What To Do When You Find Gaps

For each unguarded tool call, you have four options:

Fix it — add validation, rate limiting, or confirmation in code. The next scan picks it up automatically.

Acknowledge it — if the function is intentionally unguarded or protected elsewhere, add # checked:ok as a comment:

def send_alert(message):  # checked:ok — protected by API gateway
    requests.post(ALERT_URL, json={"msg": message})

Add it to CI — block PRs that introduce new unguarded tool calls:

diplomat-agent . --fail-on-unchecked

If you commit toolcalls.yaml as a baseline, only new findings block — no noise on legacy code.

Review the inventory — the toolcalls.yaml file is meant to be committed and reviewed in PRs. When someone adds a new function that can delete data, it shows up in the diff.

The Bigger Picture

We're building AI agents that can modify databases, send money, delete files, and call external APIs — and we're giving them zero guardrails in code.

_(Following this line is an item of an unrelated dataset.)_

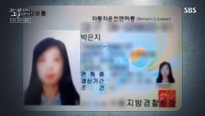 이 신분증 속 사진의 얼굴은 장서희. 그런데 이름은 박은지야. 은지 씨 이름으로, 운전면허증까지 발급받은 거야. 한마디로 위조 신분증이야. 장서희는 그야말로 완벽한 타인으로 살아가고 있었어. 그러면 대체 왜, 이러고 산 걸까? 장서희에게 진짜 숨기고 싶었던 비밀이 있었던 걸까?

The OWASP Top 10 for Agentic Applications (released December 2025) explicitly recommends maintaining a complete inventory of all agentic components, their permissions, and their capabilities. The EU AI Act (enforceable August 2026) requires documenting system capabilities and human oversight measures for high-risk AI systems.

toolcalls.yaml is a step toward that. It's not a complete governance solution — it's a starting point. You can't govern what you can't see.